Exercise goal:
No pictures, nothing altered: return the data below.

Study material:
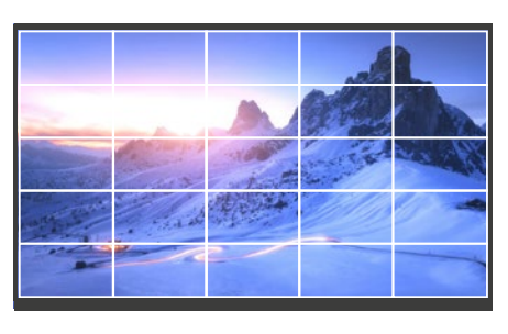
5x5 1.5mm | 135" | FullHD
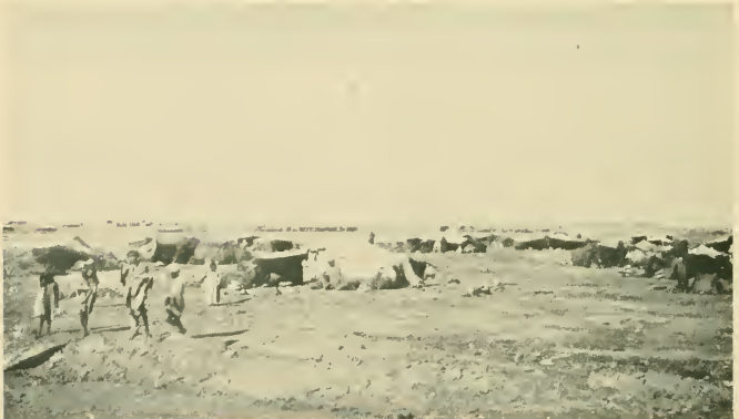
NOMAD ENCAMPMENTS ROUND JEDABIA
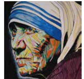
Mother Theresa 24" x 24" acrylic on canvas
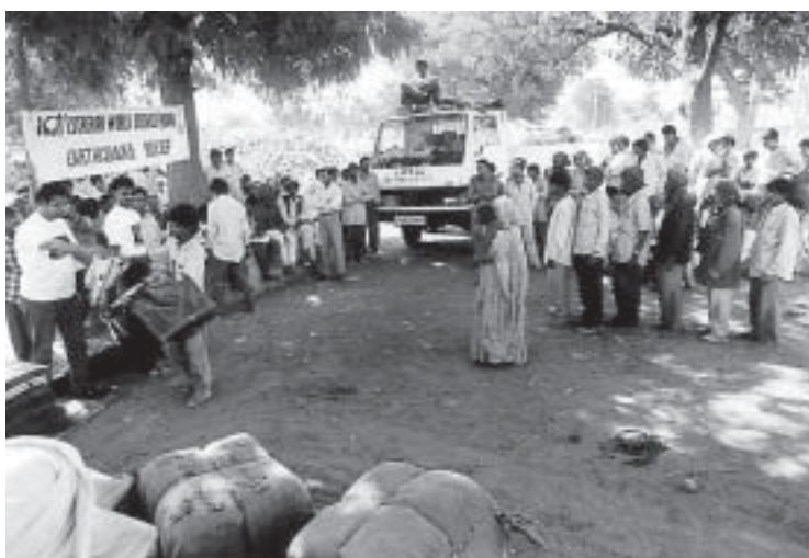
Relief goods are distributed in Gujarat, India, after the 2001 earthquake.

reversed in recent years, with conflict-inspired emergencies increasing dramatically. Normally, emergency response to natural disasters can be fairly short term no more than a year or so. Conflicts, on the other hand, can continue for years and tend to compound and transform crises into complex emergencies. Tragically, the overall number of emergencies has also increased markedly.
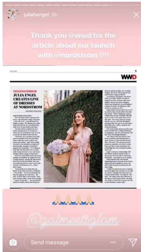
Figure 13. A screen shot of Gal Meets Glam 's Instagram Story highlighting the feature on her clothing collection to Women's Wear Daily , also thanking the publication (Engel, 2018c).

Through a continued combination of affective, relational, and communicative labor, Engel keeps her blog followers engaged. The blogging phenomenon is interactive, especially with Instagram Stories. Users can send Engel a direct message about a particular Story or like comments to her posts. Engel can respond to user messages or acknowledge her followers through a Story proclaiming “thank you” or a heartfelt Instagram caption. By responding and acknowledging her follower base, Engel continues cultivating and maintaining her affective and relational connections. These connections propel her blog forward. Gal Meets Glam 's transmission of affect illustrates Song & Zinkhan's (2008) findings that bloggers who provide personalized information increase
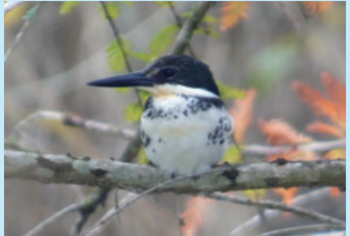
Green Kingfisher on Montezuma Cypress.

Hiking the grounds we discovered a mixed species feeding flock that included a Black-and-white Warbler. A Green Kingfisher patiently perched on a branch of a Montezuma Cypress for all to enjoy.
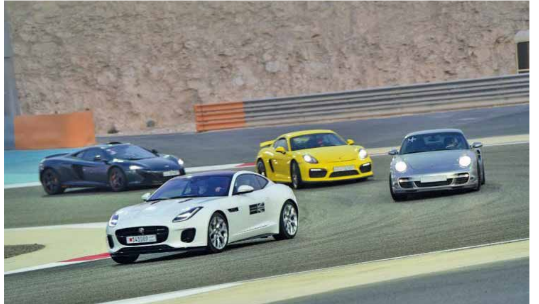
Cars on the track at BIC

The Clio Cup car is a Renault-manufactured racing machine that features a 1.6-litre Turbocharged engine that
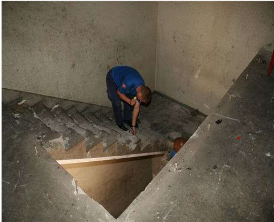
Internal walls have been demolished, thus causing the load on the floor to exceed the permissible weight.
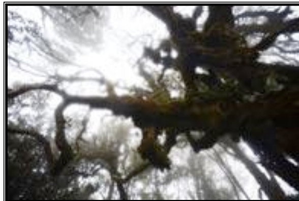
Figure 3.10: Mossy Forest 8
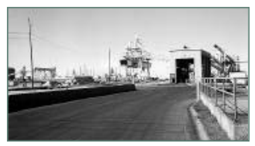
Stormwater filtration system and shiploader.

Exercise result:
5x5 1.5mm | 135" | FullHD
NOMAD ENCAMPMENTS ROUND JEDABIA
Mother Theresa 24" x 24" acrylic on canvas
Relief goods are distributed in Gujarat, India, after the 2001 earthquake.

reversed in recent years, with conflict-inspired emergencies increasing dramatically. Normally, emergency response to natural disasters can be fairly short term no more than a year or so. Conflicts, on the other hand, can continue for years and tend to compound and transform crises into complex emergencies. Tragically, the overall number of emergencies has also increased markedly.
Figure 13. A screen shot of Gal Meets Glam 's Instagram Story highlighting the feature on her clothing collection to Women's Wear Daily , also thanking the publication (Engel, 2018c).

Through a continued combination of affective, relational, and communicative labor, Engel keeps her blog followers engaged. The blogging phenomenon is interactive, especially with Instagram Stories. Users can send Engel a direct message about a particular Story or like comments to her posts. Engel can respond to user messages or acknowledge her followers through a Story proclaiming “thank you” or a heartfelt Instagram caption. By responding and acknowledging her follower base, Engel continues cultivating and maintaining her affective and relational connections. These connections propel her blog forward. Gal Meets Glam 's transmission of affect illustrates Song & Zinkhan's (2008) findings that bloggers who provide personalized information increase
Green Kingfisher on Montezuma Cypress.

Hiking the grounds we discovered a mixed species feeding flock that included a Black-and-white Warbler. A Green Kingfisher patiently perched on a branch of a Montezuma Cypress for all to enjoy.
Cars on the track at BIC

The Clio Cup car is a Renault-manufactured racing machine that features a 1.6-litre Turbocharged engine that
Internal walls have been demolished, thus causing the load on the floor to exceed the permissible weight.
Figure 3.10: Mossy Forest 8
Stormwater filtration system and shiploader.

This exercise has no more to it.